Could someone explain what exactly is happening in that section?
Thankyou,
- Jamie.
Let $u=2mn+m+n$, if $xy=2u+1$, and since $u\in\mathbb{Z}$, it follows that $xy$ is odd.

In other words, anything of the form $2u+1$ is odd if $u$ is an integer.

3. Originally Posted by Skeith
"Use a direct method of proof to show that if x and y are odd integers, then xy is also odd.

The given solution;

First, notice that if x is odd then x = 2m + 1 where m is an integer. Similarly,
y = 2n + 1 for some integer n. <- I understand up to this point.

Then get lost around here.
Then, xy = (2m + 1)(2n + 1) = 4mn + 2m + 2n + 1 = 2 (2mn + m + n) + 1 which is an odd integer.
Two times any integer is an even integer.
So ${\color{blue}2}(2mn+m+n)$ is an even integer.
Add one to that to get an odd integer.

4. Thankyou both Von and Plato - I feel I understand now. However could you check my working just to be sure?

Lets say i assign m and n values of 4 and 5 respectively. this means x = 9 and
y = 11 since it is a matter of x = 2m + 1 and 2n + 1 for y?

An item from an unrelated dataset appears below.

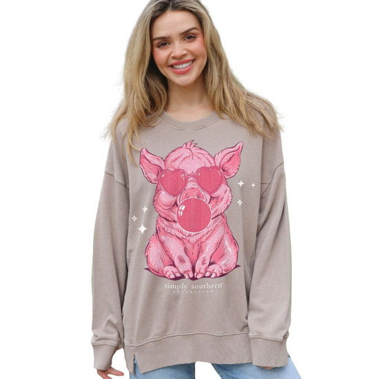 Simply Southern Ladies Bubblegum Blowing Pig Graphic Sepia Pullover SWT-PIG-SEPIA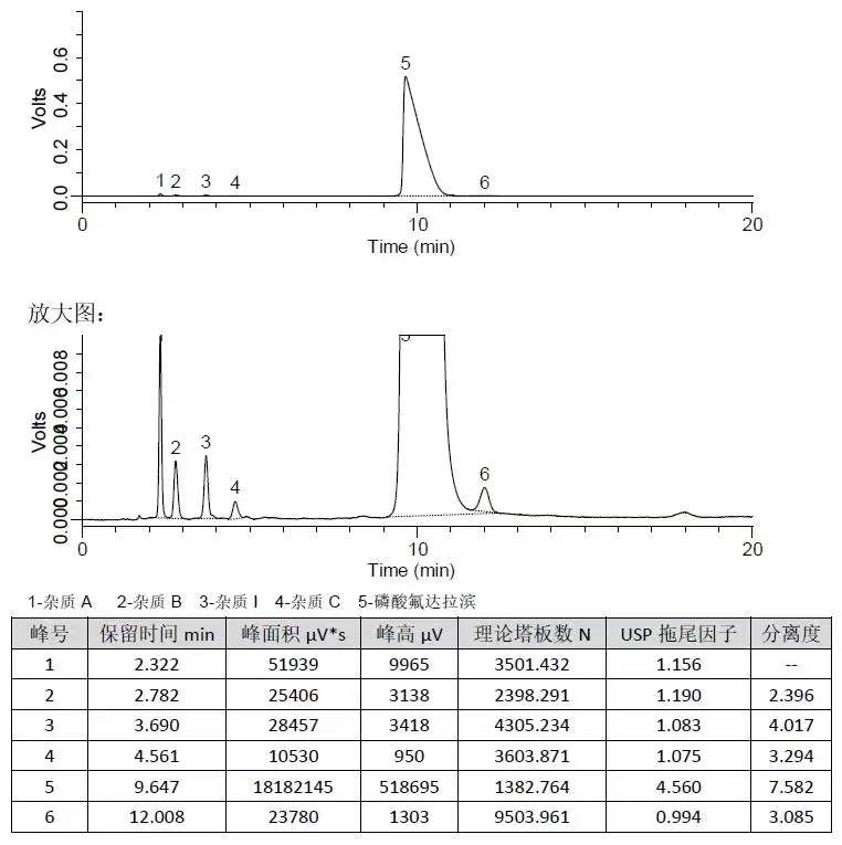 ● 注射用磷酸氟达拉滨 2020《中国药典》第二部第1866页 ● 色谱柱货号及规格: Cat#: 99901 Diamonsil C18 150x4.6mm,5μm |

Then moving to the section at which I got lost,

xy = (2m + 1)(2n + 1) <- I understand now...

xy = (2m + 1)(2n + 1)
-or-
2 (2mn + m + n) + 1 <- Am I right in thinking either one or the other can be used?

Example,

4mn (m x n x 4 = 80) + 2m (8) + 2n (10) + 1 = 99
- or -
2(2mn (m x n x 2 = 40) + m + n = 49) then multiplying by 2 = 98 + 1 = 99?

Am I on the right lines or have I got lost?

Thankyou again.

5. Yes, you are on the right track.

6. Great - thanks emakarov.